Only the lines from the one containing "Karikatur-AK Durchfallproblem in" through the final line below belong in the output, copied exactly and without pictures.

Available data

▬▬▬▬▬▬

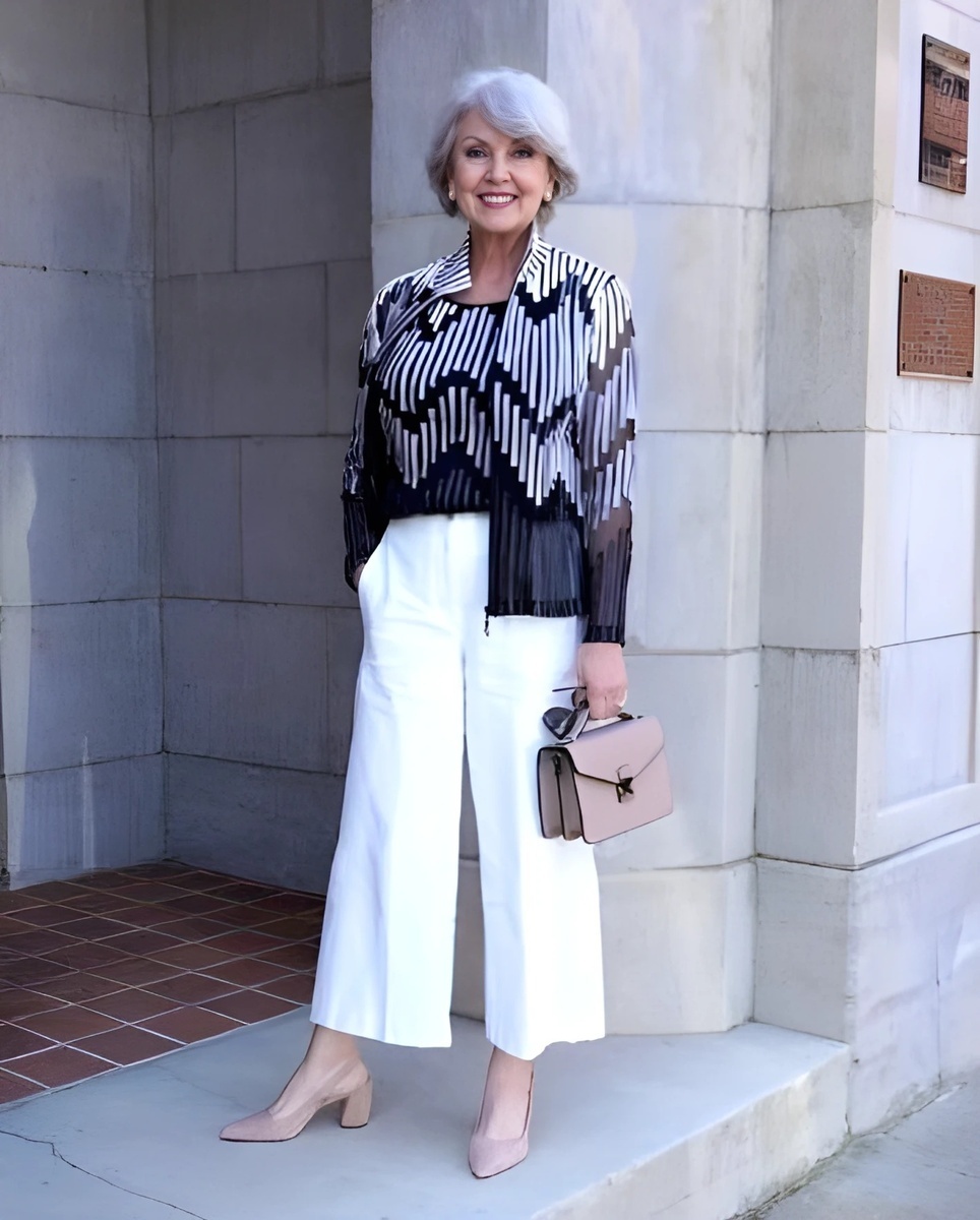 1. Широкие брюки и стильный верх: Нельзя игнорировать шикарные белоснежные брюки до щиколоток, которые прекрасно гармонируют с темным верхом. Черно-серо-белая блузка, заправленная за пояс, аккуратно акцентирует талию, а легкая полупрозрачная рубашка скрывает возрастные особенности шеи и рук.
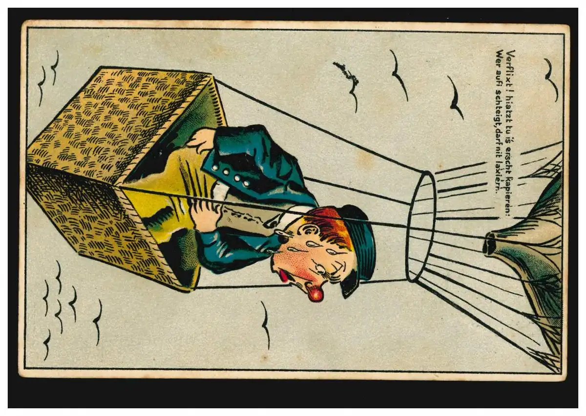 Karikatur-AK Durchfallproblem in der Gondel: Wer aufsteigt darf nicht laxiern!
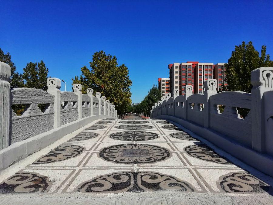 Puente de hormigón impreso en 3D en la Universidad Tecnológica de Hebei, 14 de octubre de 2019. (Xinhua)

▬▬▬▬▬▬

Answer space
 Karikatur-AK Durchfallproblem in der Gondel: Wer aufsteigt darf nicht laxiern!
 Puente de hormigón impreso en 3D en la Universidad Tecnológica de Hebei, 14 de octubre de 2019. (Xinhua)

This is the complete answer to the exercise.